Merriam-Webster’s Dictionary listed “T-Shirt” as an official word in the American English language by the 1920’s. Around the late 1930’s that companies including Fruit of the Loom, Hanes and Sears & Roebuck began the marketing of the t-shirt.

As of W.W. II, the Army and 12 million Navy sailors had t-seasy rider,hirts as standard issue underwear. “Skivvies”, these new, inexpensive undergarments became known as. America saw, began to get comfortable with, and reveled secretly, daily news images of their wartime sons, wearing t-shirts (dressed barely, but with pants of course). Underwear was being worn as outerwear. Rules were flaunted about undergarments. Taboos were violated with this show of male sexuality.
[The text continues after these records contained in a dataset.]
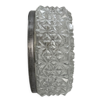 Vintage Industrial circle wall or ceiling lamp made in former Czechoslovakia during the 1970s. Was used in factory offices and corridors. It features a metal back and an embossed milk glass cover. The socket requires standard E27/ E26 light bulbs. The weight of the light is 1 kg.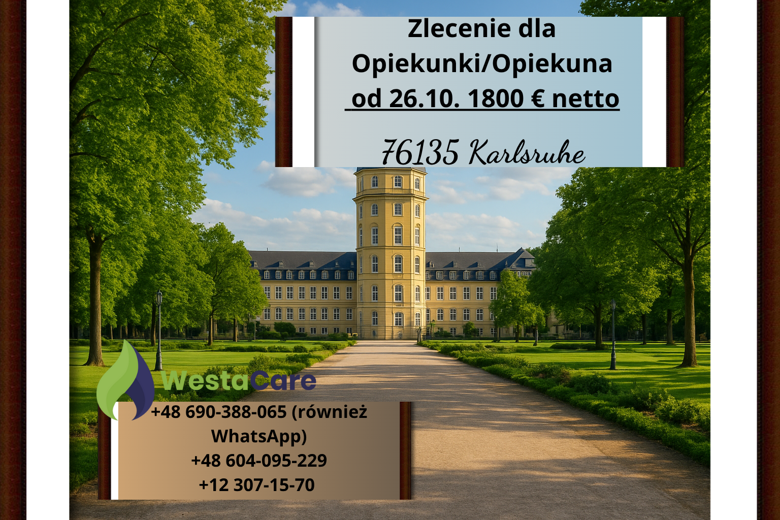 Zlecenie dla Opiekunki/Opiekuna od 26.10. 1800 € netto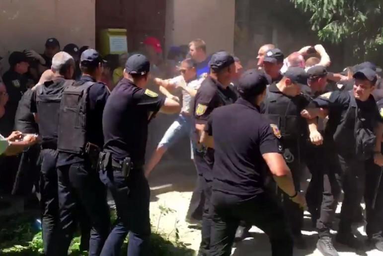 В субботу, 2 июня, в Цебриково стало еще горячее. В 13:01 в полицию поступило анонимное сообщение о заминировании почтового отделения, в помещении которого расположен избирательный участок. "Для обеспечения безопасности людей полицейские начали их эвакуацию. Действия правоохранителей возмутили некоторых граждан. В результате собравшиеся начали сопротивляться и распылили в сторону сотрудников полиции газ. По предварительным данным, в результате физического противостояния пострадало 13 правоохранителей", - говорится в сообщении полиции.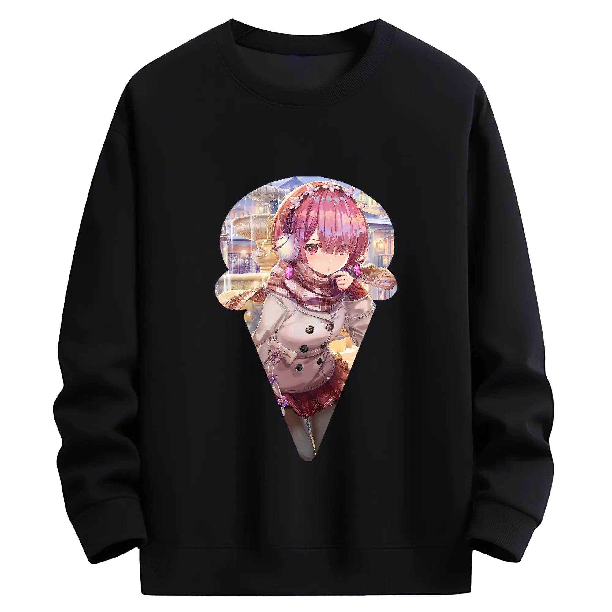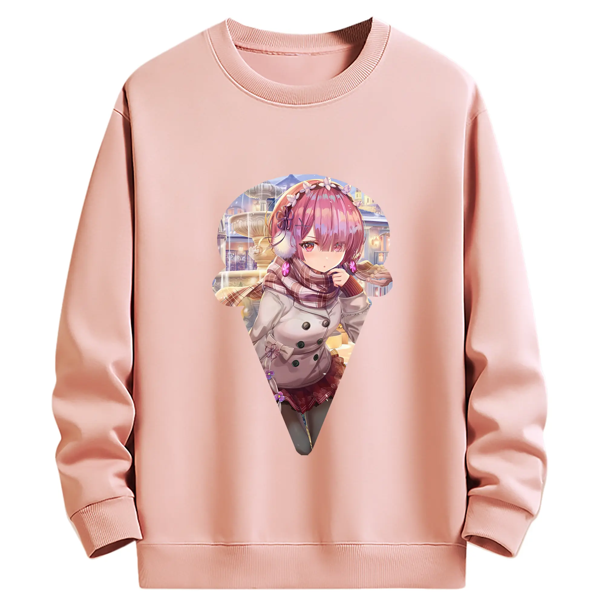 リゼロ グッズ ラム - 薄手 クルーネック スウェット 裏毛260g · ポリエステル 春秋向け カジュアル 男女兼用 · トレーナー デイリー スポーツ 散歩に最適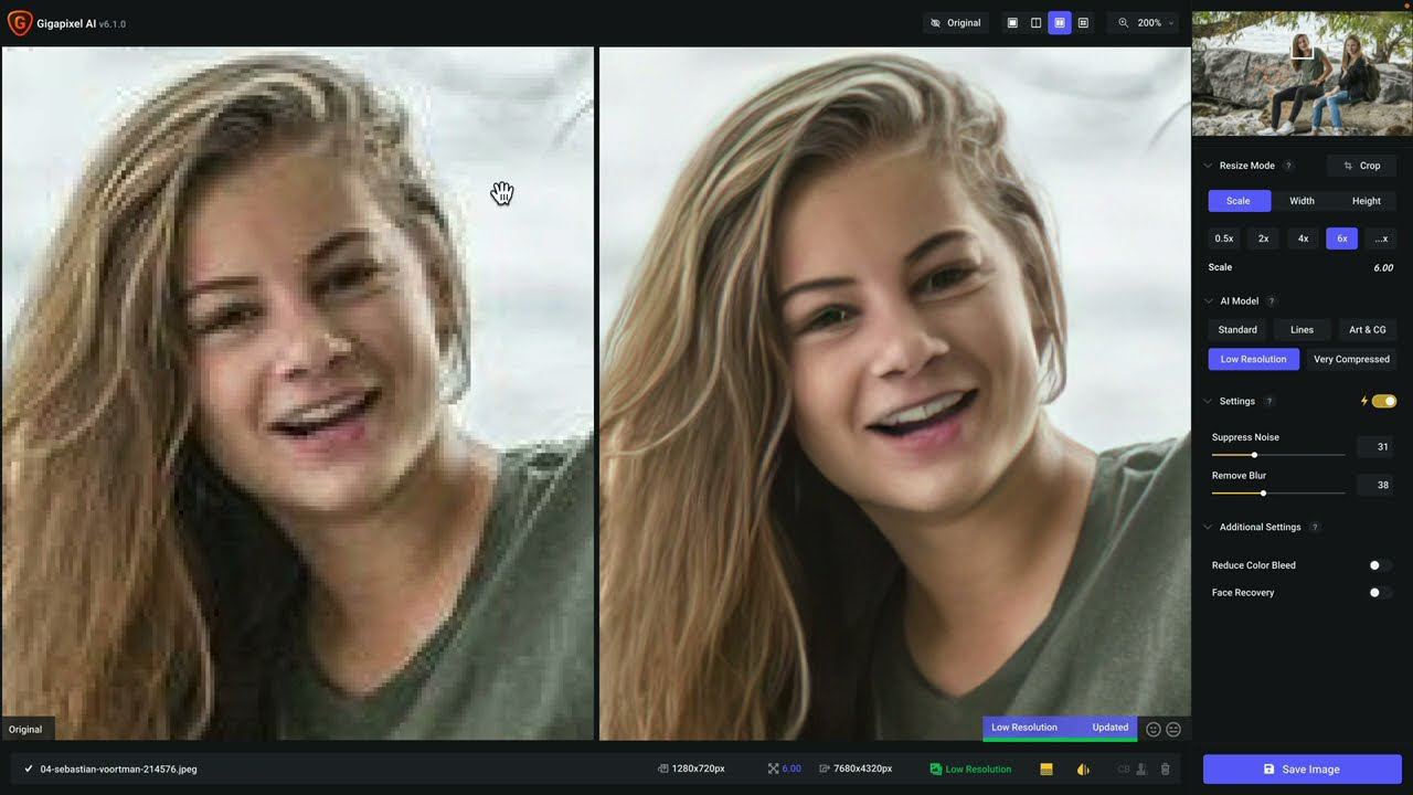 智能添加细节: 这是市面上唯一能在放大过程中,通过深度学习算法真正“找回”并添加逼真细节的放大工具。它不再仅仅是拉伸像素,而是智能重建缺失信息。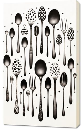 Obraz z serii wnętrza zatytułowany Narzędzia Smaku. Eleganckie sylwetki sztućców w różnorodnych kształtach i wzorach, podkreślane przez subtelne detale i geometryczne punkty, tworzą harmonijną i równocześnie zaskakującą kompozycję. Czarne i białe tony nadają prostotę i wyrafinowanie, podczas gdy unikalne projekty sztućców dodają nuty kreatywności i innowacji. Idealnie sprawdzi się w nowoczesnych kuchniach, restauracjach o minimalistycznym designie oraz w przestrzeniach dedykowanych sztuce kulinarnej.

Still, by and large, the t-shirt was an undergarment meant not to be seen. In 1934, however, Clark Gable shocked everyone, as he stripped off his dress shirt in the movie “It Happened One Night,” to reveal no t-shirt at all. Women swooned, and men as well. Still, the t-shirt kept itself under wraps, to be worn primarily underneath a work or proper dress Sports T shirt.

The idea continued to quickly catch on, and due to simple design, a few years later, with the leave of many sailors during the war, the popular civilian “union suit” was reduced to a “singlet” or “jersey.” In 1938, Sears introduced a t-shirt they called a “gob” shirt (named after sailors). A “gob” shirt cost 24 cents. The t-Shirt would become an empty canvas, which was allowing men to present themselves in an erotic sense and show their gender.

The t-shirt was becoming appropriate to wear as an undergarment or as an outer one. The Marines standard issue white t-shirt was replaced with sage green for camouflage purposes. In 1944, the Army surveyed enlisted men as to preference of sleeves or sleeveless. Most preferred sleeves, due to better appearance, absorption under arms, among other reasons.

The t-shirt would never be the same. Along with worldwide upheaval, WWII brought along as well the first printed t-shirts. On display at The Smithsonian Institute is the oldest printed shirt on record. This t-shirt is from Governor of New York Thomas E. Dewey’s 1948 presidential campaign and sports “Dew-It with Dewey”.